### [TO DO]
Where the line containing "Nnylon-6 renforcé de" appears, start repeating, and continue exactly through the last line below, adding nothing. Include no pictures.

### [INFORMATION SUPPLIED]
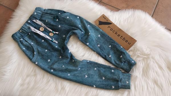 Tolle Hose für die Kleinsten, bequem, weit und ohne Teilung, damit die Motive der Stoffe besser zur Geltung kommen. Aber mit echten Taschen, zum verstauen der wichtigen gesammelten Dinge.
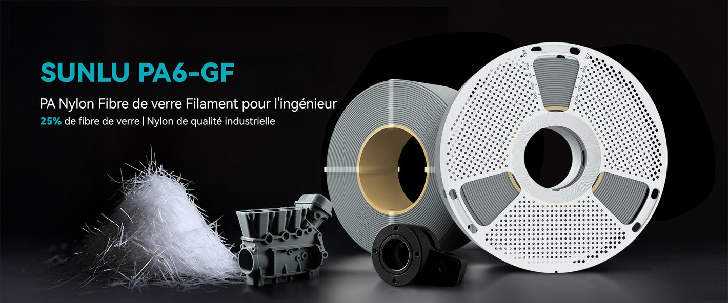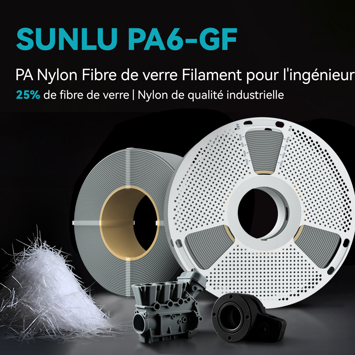 Nnylon-6 renforcé de fibres de verre (PA6-GF) Filament 1KG, PA6 avec 25 % de fibres de verre, résistance aux températures élevées jusqu'à 417 °F (214 °C)
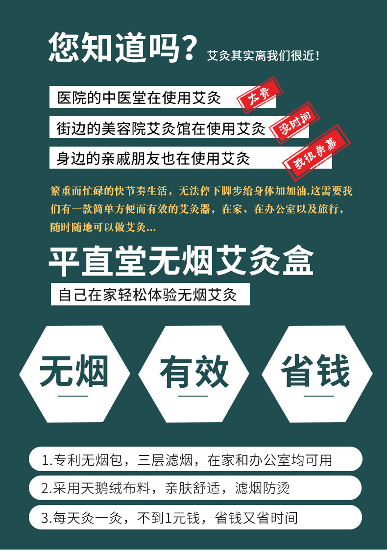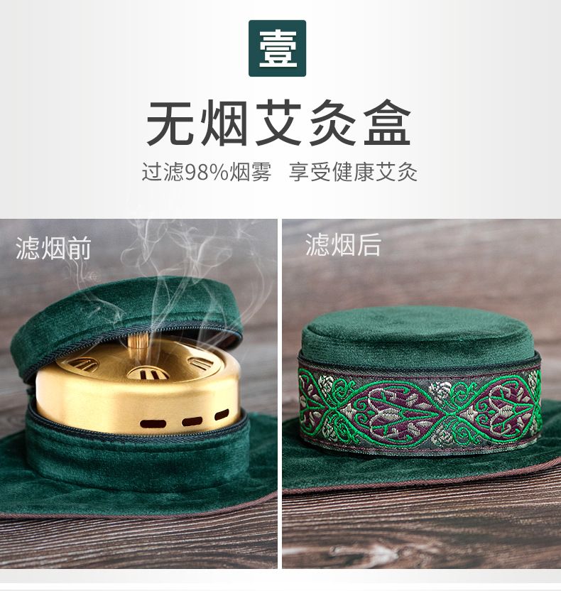 平直堂艾灸盒子艾灸器 随身艾灸 ,随身灸家庭艾灸 家庭套装 【赠平顶铜镂空艾灸盒】

### [ANSWER SPACE]
 Nnylon-6 renforcé de fibres de verre (PA6-GF) Filament 1KG, PA6 avec 25 % de fibres de verre, résistance aux températures élevées jusqu'à 417 °F (214 °C)
 平直堂艾灸盒子艾灸器 随身艾灸 ,随身灸家庭艾灸 家庭套装 【赠平顶铜镂空艾灸盒】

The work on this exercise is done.